The Case for Junk DNA

The search for function in the genome It has been known for several decades that only a small fraction of the human genome is made up of protein-coding sequences and that at least some noncoding DNA has important biological functions. In addition to coding exons, the genome contains sequences that are transcribed into functional RNA molecules (e.g., tRNA, rRNA, and snRNA), regulatory regions that control gene expression (e.g., promoters, silencers, and enhancers), origins of replication, and repeats that play structural roles at the chromosomal level (e.g., telomeres and centromeres). New discoveries regarding potentially important sequences amongst the nonprotein-coding majority of the genome are becoming more prevalent.
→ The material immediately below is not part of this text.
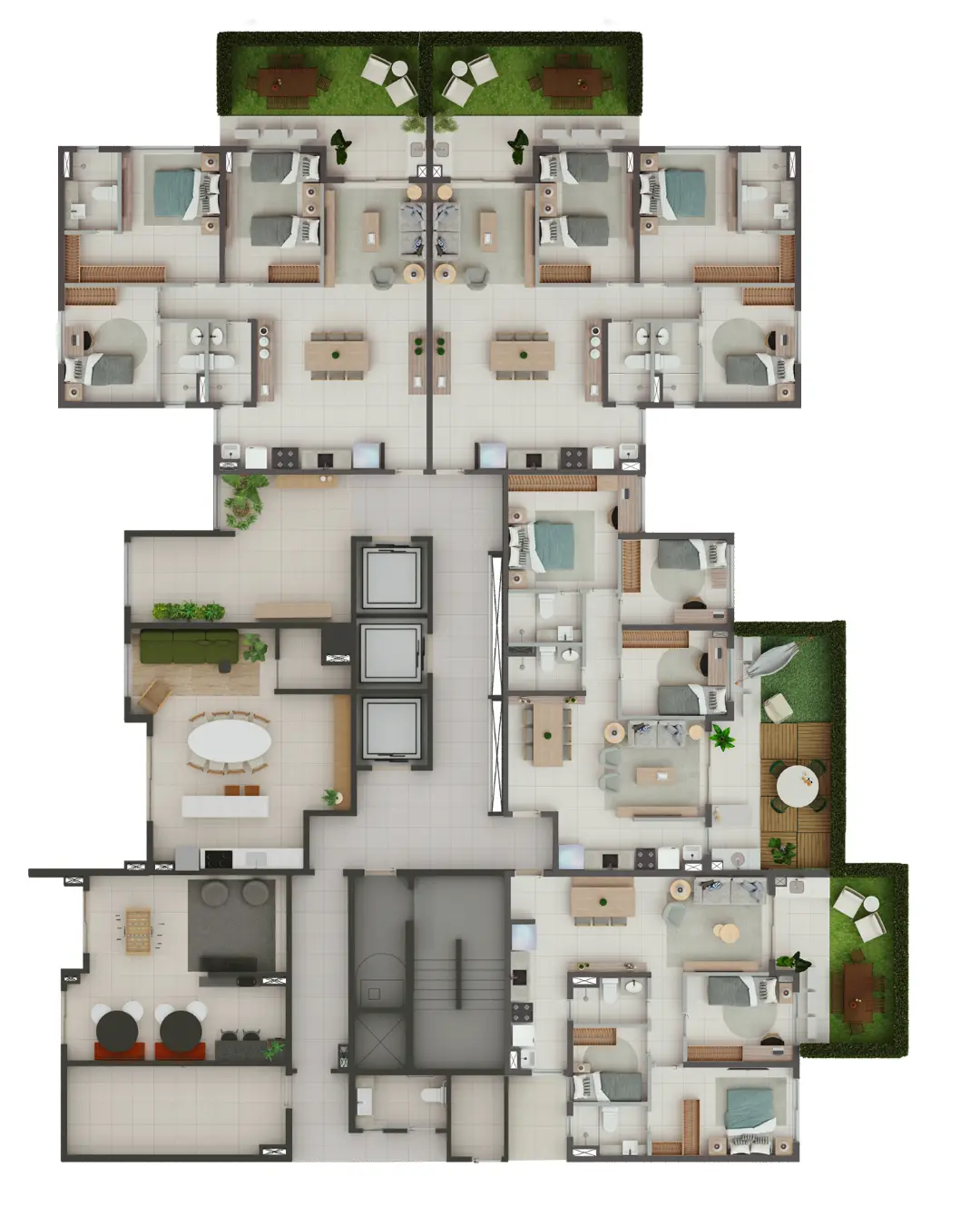 A Moura Dubeux projetou uma área comum que funciona como um verdadeiro clube privativo. O condomínio oferece segurança 24 horas e uma infraestrutura de lazer equipada e decorada, incluindo: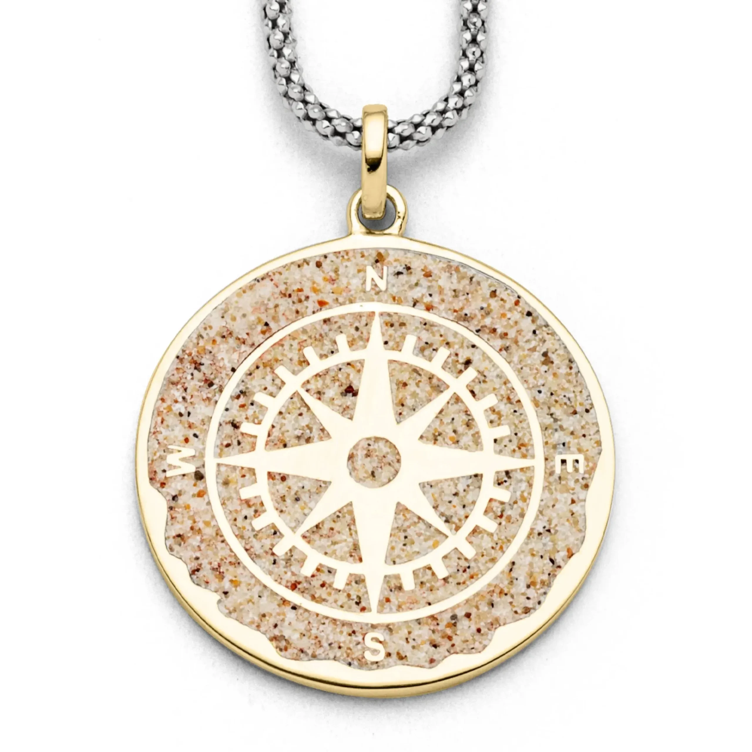 Runder Anhänger mit einer Kompassrose , eingebettet in Strandsand und gefasst in poliertem, vergoldetem 925er Sterling-Silber. Ausgestattet mit einer großen, ovalen Öse, dadurch an unterschiedlichen Ketten tragbar. Besonders gut kombinierbar mit einer vergoldeten Kugelkette.

By far the best-known effort to identify functional regions in the human genome is the recently completed Encyclopaedia of DNA Elements (ENCODE) project [1], whose authors made the remarkable claim that a “biochemical function” could be assigned to 80% of the human genome [2]. Reports that ENCODE had refuted the existence of large amounts of junk DNA in the human genome received considerable media attention [3], [4]. Criticisms that these claims were based on an extremely loose definition of “function” soon followed [5]–[8] (for a discussion of the relevant function concepts, see [9]), and debate continues regarding the most appropriate interpretation of the ENCODE results. Nevertheless, the excitement and subsequent backlash served to illustrate the widespread interest among scientists and nonspecialists in determining how much of the human genome is functionally significant at the organism level.